(SUPPLIED DATA begins)

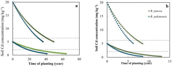For an initial content of 5 mg kg−1 of Cd in soil, it would take 13 and 8.5 years to reduce the Cd concentration in the soil to 0.3 mg kg−1 for B. pekinensis and B. juncea with a yield of 24 t ha−1, respectively (Figure 4a). In the case of the target 20 mg kg−1 of Cd in soil, 15 and 23 years would be required for B. juncea and B. pekinensis to reduce the Cd concentration in the soil to 5 mg kg−1. However, it would take a much longer time to clean up the soil with a plant biomass of 4 t ha−1.
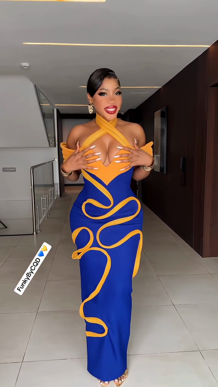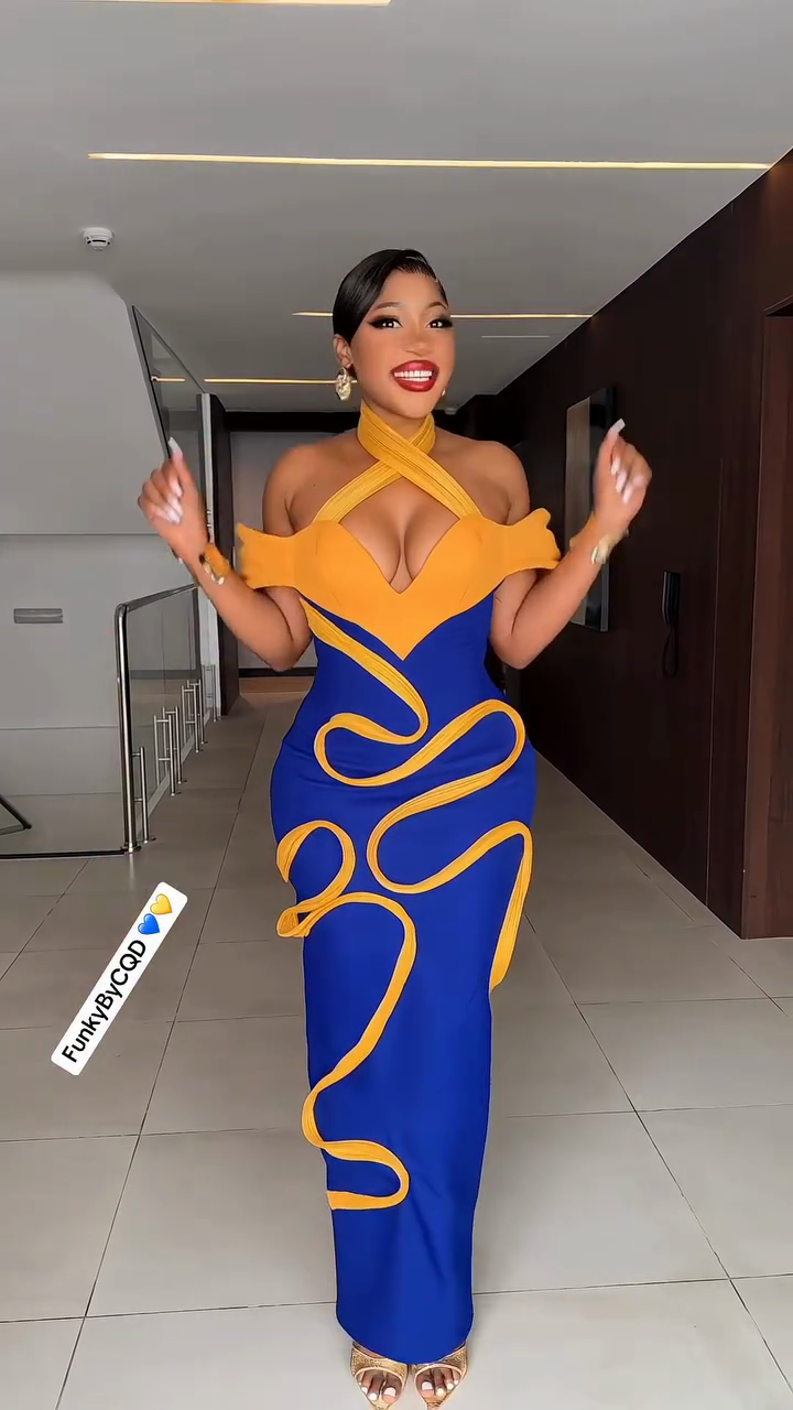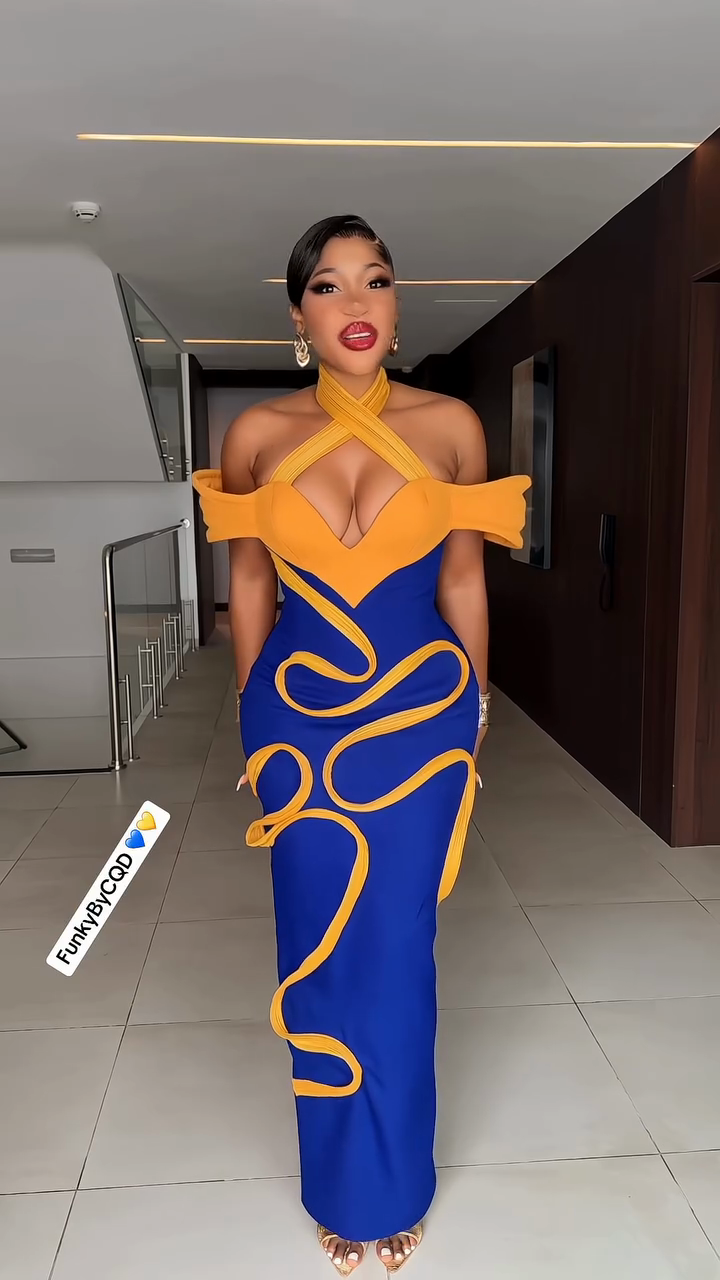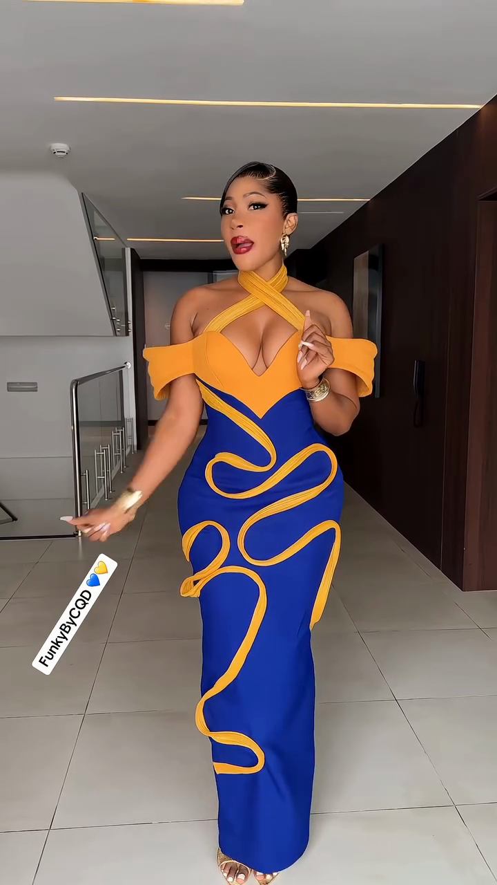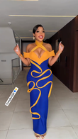 Blue and Yellow Halter Neck Maxi Dress
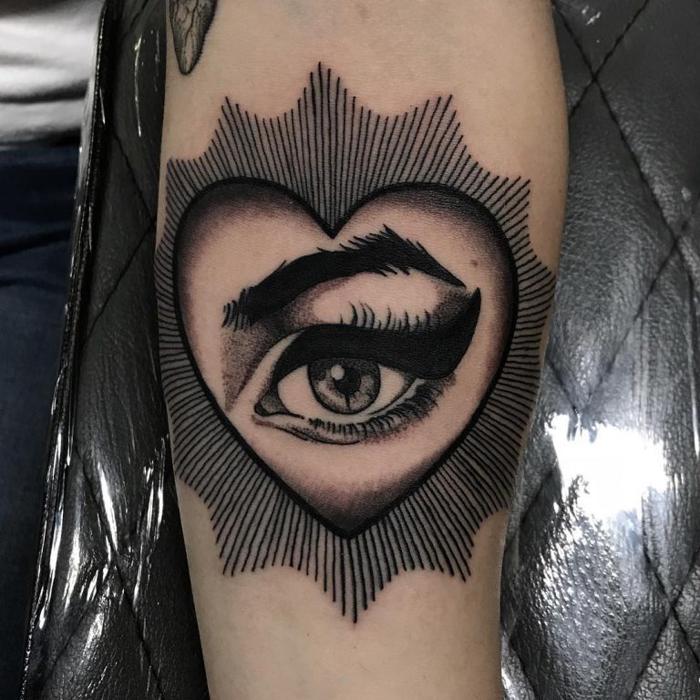 Blackwork Amy Winehouse eye and love heart tattoo by @yesitattoos

(SUPPLIED DATA ends)

PROBLEM ▸ The material above must be printed exactly, with its pictures left out.

TASK OUTPUT ▸
For an initial content of 5 mg kg−1 of Cd in soil, it would take 13 and 8.5 years to reduce the Cd concentration in the soil to 0.3 mg kg−1 for B. pekinensis and B. juncea with a yield of 24 t ha−1, respectively (Figure 4a). In the case of the target 20 mg kg−1 of Cd in soil, 15 and 23 years would be required for B. juncea and B. pekinensis to reduce the Cd concentration in the soil to 5 mg kg−1. However, it would take a much longer time to clean up the soil with a plant biomass of 4 t ha−1.
 Blue and Yellow Halter Neck Maxi Dress
 Blackwork Amy Winehouse eye and love heart tattoo by @yesitattoos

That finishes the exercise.